[Dataset Boundary: Start]

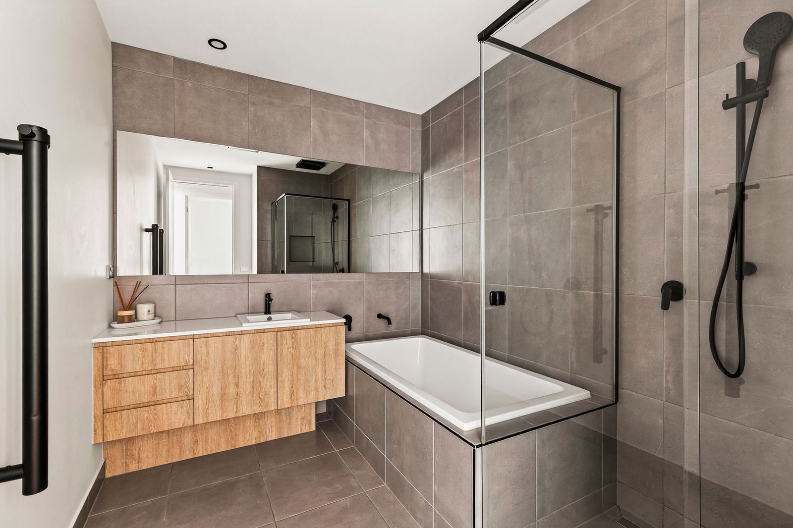 Main Bathroom: In-built tub, oversized single vanity with underbench storage and stone benchtop, large wall mirror, heated towel bars, shower with rail head and tiled base, and separate powder room.
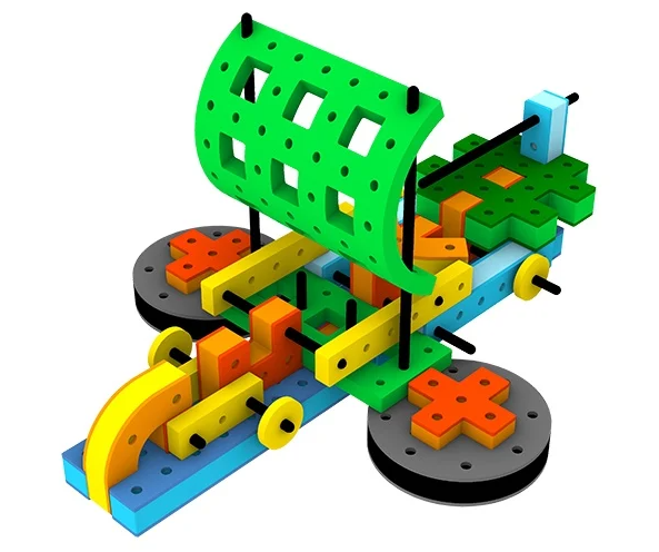 Cu 84 de piese versatile, acest set oferă posibilități nelimitate pentru a construi mașini rapide, bărci plutitoare și multe altele.
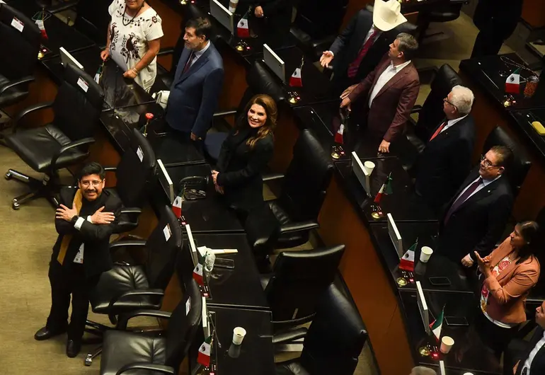 Laura Itzel Castillo, presidenta del Senado, tomó protesta constitucional a Hugo Aguilar Ortiz, Lenia Batres Guadarrama, Yasmín Esquivel Mossa, Loretta Ortiz Ahlf, María Estela Ríos González, Giovanni Azael Figueroa Mejía, Irving Espinosa Betanzo, Arístides Rodrigo Guerrero García y Sara Irene Herrerías Guerra, como ministros de la Suprema Corte.
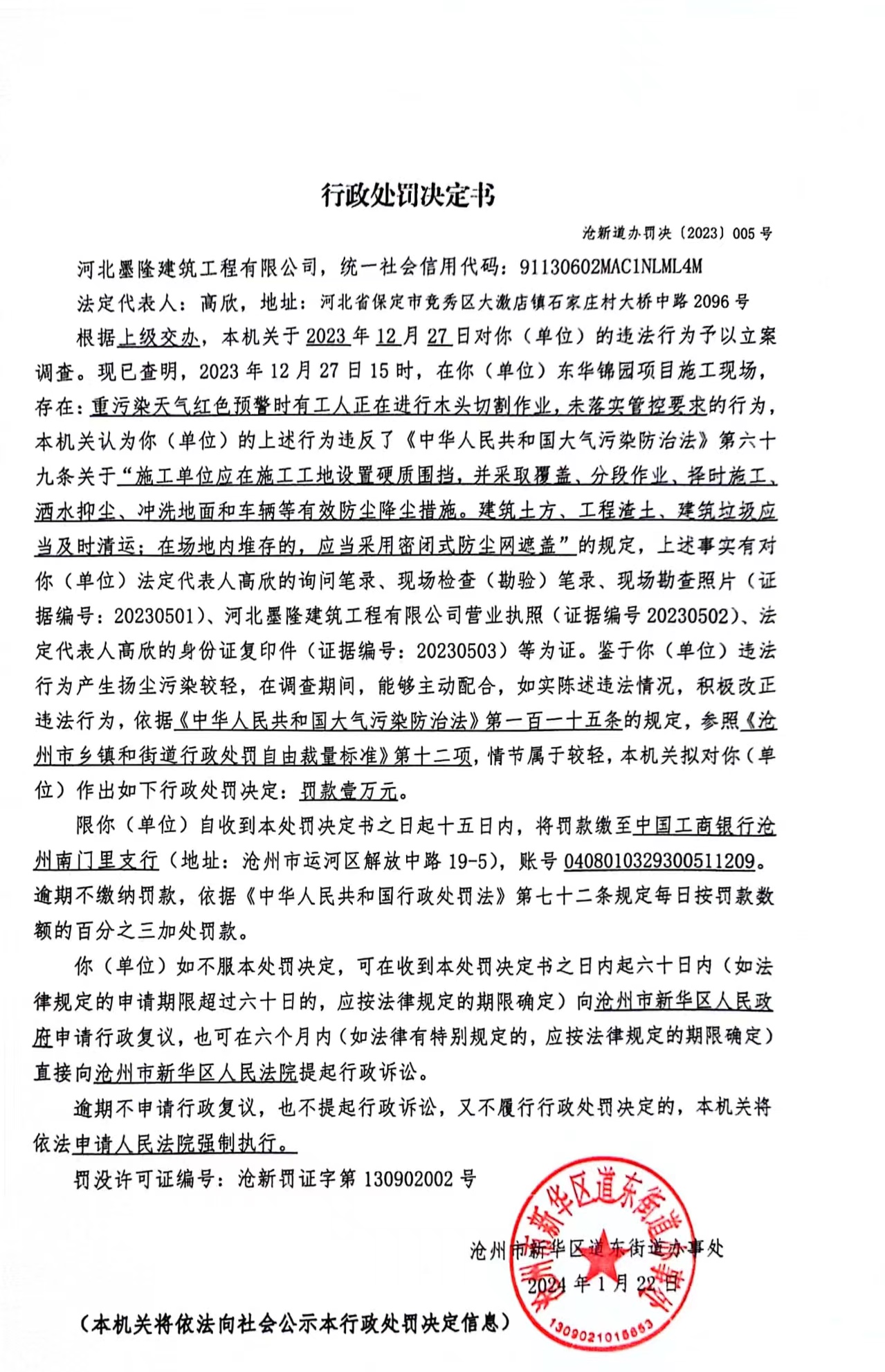 滄新道辦罰決[2023]005號(hào)
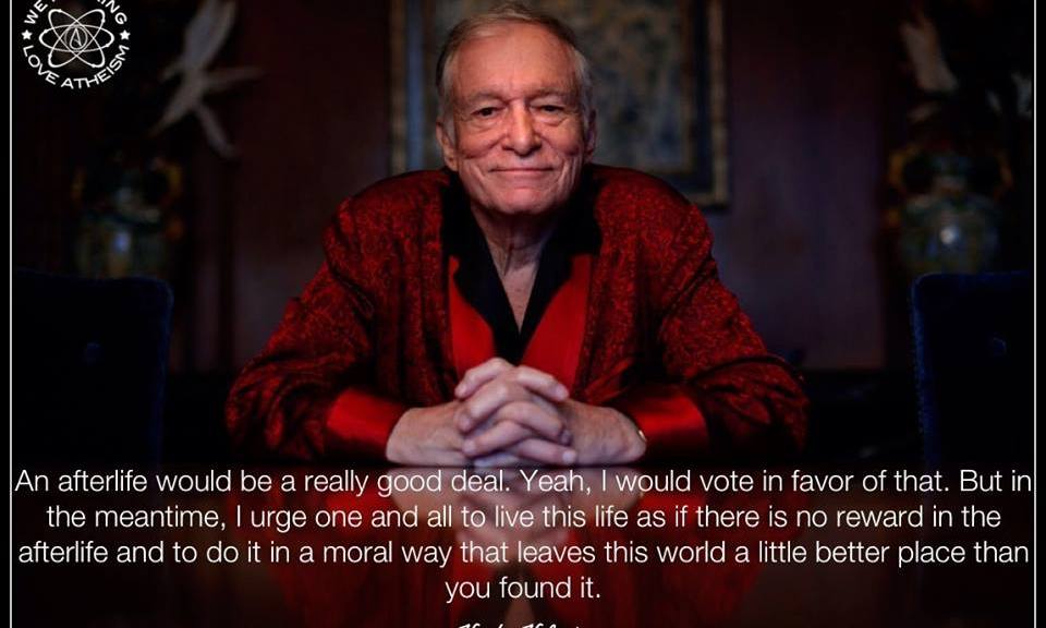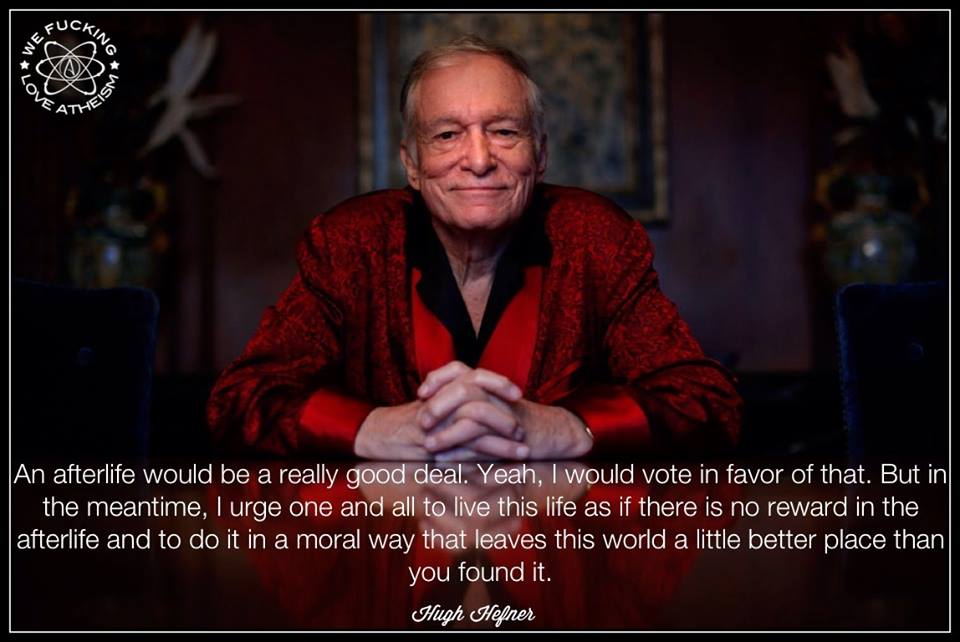 Atheism, Hugh Hefner, Quotes No reward in the afterlife Image December 2, 2014 We Fucking Love Atheism Leave a comment Share this: Click to share on X (Opens in new window) X Click to share on Facebook (Opens in new window) Facebook Click to share on Pinterest (Opens in new window) Pinterest Click to share on Tumblr (Opens in new window) Tumblr Click to share on Reddit (Opens in new window) Reddit Related
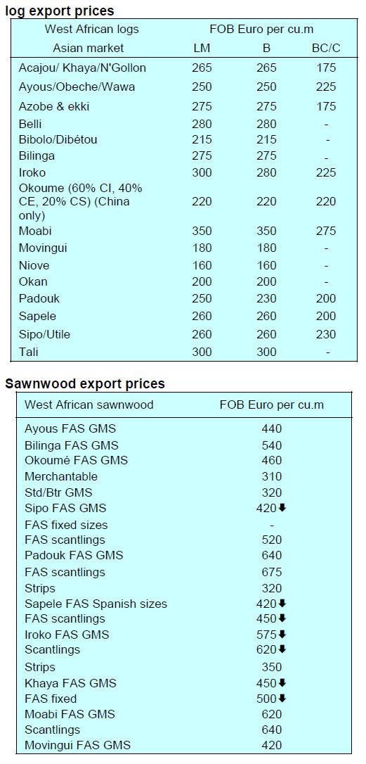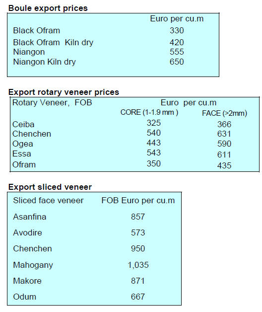 Over the past few months demand for okoume has waned
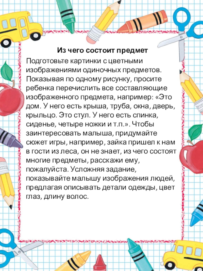 по одному рисунку, просите ребенка перечислить все составляющие изображенного предмета, например: «Это дом. У него есть крыша, труба, окна, дверь, крыльцо. Это стул. У него есть спинка, сиденье, четыре ножки и т.п.». Чтобы заинтересовать малыша, придумайте сюжет игры, например, зайка пришел к нам в гости из леса, он не знает, из чего состоят многие предметы, расскажи ему, пожалуйста. Усложняя задание, показывайте малышу изображения людей, предлагая описывать детали одежды, цвет глаз, длину волос.
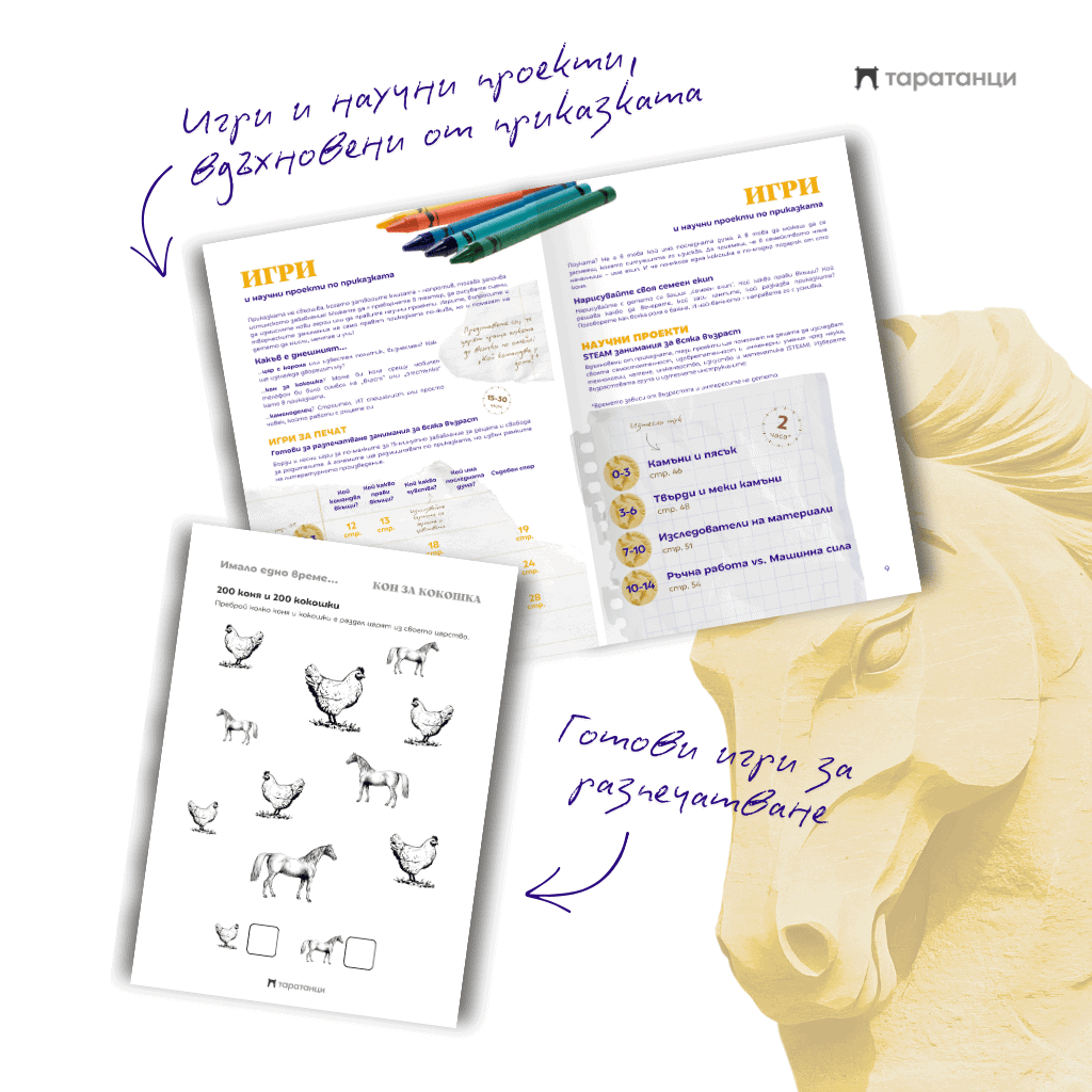 Активна книжка? Дигитална книжка под формата на онлайн списание, пълна с игри, театър и малки творчески научни проекти, вдъхновени от народна приказка „Кон за кокошка”.
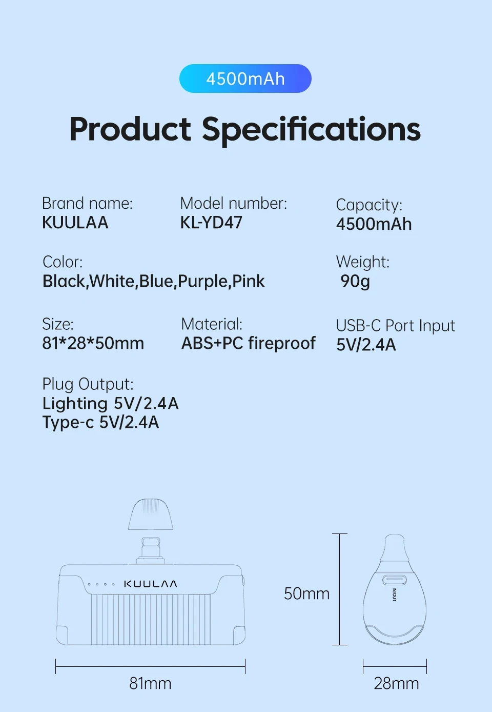 Comprar KUULAA-Mini banco de energía de 4500mAh, cargador portátil para iPhone 15, 14, 13, 12 Pro Max, batería externa para Samsung/Xiaomi
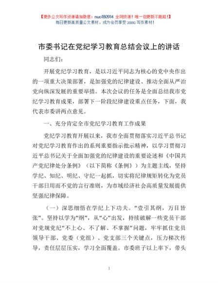 / 市委书记在党纪学习教育总结会议上的讲话1
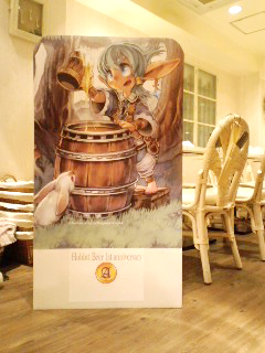 5月10日(月)〜5月16日(日) ホビット祭り 実は、5月2日で、アカシウス寄宿舎学園オリジナルビール ビール:ホビット族の爽麗ビール 700円 (ゴールド ビール) (この期間中は、200円引きで500円!!!) アカシウス寄宿舎学園のあるリーフェンベルクの近郊には勤勉で知られるホビット族の集落があります。 そんなホビット族の集落から彼らホビットが飲んでいたビールをカフェテリアにも提供して貰いました。 味は、爽快で麗らか(うららか)な感じのとてもあっさりした風味のビールです。 さっぱりとしているので女性にも飲みやすいかも。 他の二つのビールが濃厚なので、サッパリしたビールがお好きな方は是非。 ★アカシウス寄宿舎学園オリジナルのビール★ イラストレーター 村山 竜大さん(HP:http://ovopack.net/) 書下ろしのホビットのイラストをラベルにあしらった とても可愛いラベルのビールです。 アカシウスでしか飲めないので立ち寄られた時は是非!!!

[Dataset Boundary: End]

Directions: From the first record to the last, restate everything exactly but omit the pictures.

Answer for this exercise:
 Main Bathroom: In-built tub, oversized single vanity with underbench storage and stone benchtop, large wall mirror, heated towel bars, shower with rail head and tiled base, and separate powder room.
 Cu 84 de piese versatile, acest set oferă posibilități nelimitate pentru a construi mașini rapide, bărci plutitoare și multe altele.
 Laura Itzel Castillo, presidenta del Senado, tomó protesta constitucional a Hugo Aguilar Ortiz, Lenia Batres Guadarrama, Yasmín Esquivel Mossa, Loretta Ortiz Ahlf, María Estela Ríos González, Giovanni Azael Figueroa Mejía, Irving Espinosa Betanzo, Arístides Rodrigo Guerrero García y Sara Irene Herrerías Guerra, como ministros de la Suprema Corte.
 滄新道辦罰決[2023]005號(hào)
 Atheism, Hugh Hefner, Quotes No reward in the afterlife Image December 2, 2014 We Fucking Love Atheism Leave a comment Share this: Click to share on X (Opens in new window) X Click to share on Facebook (Opens in new window) Facebook Click to share on Pinterest (Opens in new window) Pinterest Click to share on Tumblr (Opens in new window) Tumblr Click to share on Reddit (Opens in new window) Reddit Related
 Over the past few months demand for okoume has waned
 по одному рисунку, просите ребенка перечислить все составляющие изображенного предмета, например: «Это дом. У него есть крыша, труба, окна, дверь, крыльцо. Это стул. У него есть спинка, сиденье, четыре ножки и т.п.». Чтобы заинтересовать малыша, придумайте сюжет игры, например, зайка пришел к нам в гости из леса, он не знает, из чего состоят многие предметы, расскажи ему, пожалуйста. Усложняя задание, показывайте малышу изображения людей, предлагая описывать детали одежды, цвет глаз, длину волос.
 Активна книжка? Дигитална книжка под формата на онлайн списание, пълна с игри, театър и малки творчески научни проекти, вдъхновени от народна приказка „Кон за кокошка”.
 Comprar KUULAA-Mini banco de energía de 4500mAh, cargador portátil para iPhone 15, 14, 13, 12 Pro Max, batería externa para Samsung/Xiaomi
 / 市委书记在党纪学习教育总结会议上的讲话1
 5月10日(月)〜5月16日(日) ホビット祭り 実は、5月2日で、アカシウス寄宿舎学園オリジナルビール ビール:ホビット族の爽麗ビール 700円 (ゴールド ビール) (この期間中は、200円引きで500円!!!) アカシウス寄宿舎学園のあるリーフェンベルクの近郊には勤勉で知られるホビット族の集落があります。 そんなホビット族の集落から彼らホビットが飲んでいたビールをカフェテリアにも提供して貰いました。 味は、爽快で麗らか(うららか)な感じのとてもあっさりした風味のビールです。 さっぱりとしているので女性にも飲みやすいかも。 他の二つのビールが濃厚なので、サッパリしたビールがお好きな方は是非。 ★アカシウス寄宿舎学園オリジナルのビール★ イラストレーター 村山 竜大さん(HP:http://ovopack.net/) 書下ろしのホビットのイラストをラベルにあしらった とても可愛いラベルのビールです。 アカシウスでしか飲めないので立ち寄られた時は是非!!!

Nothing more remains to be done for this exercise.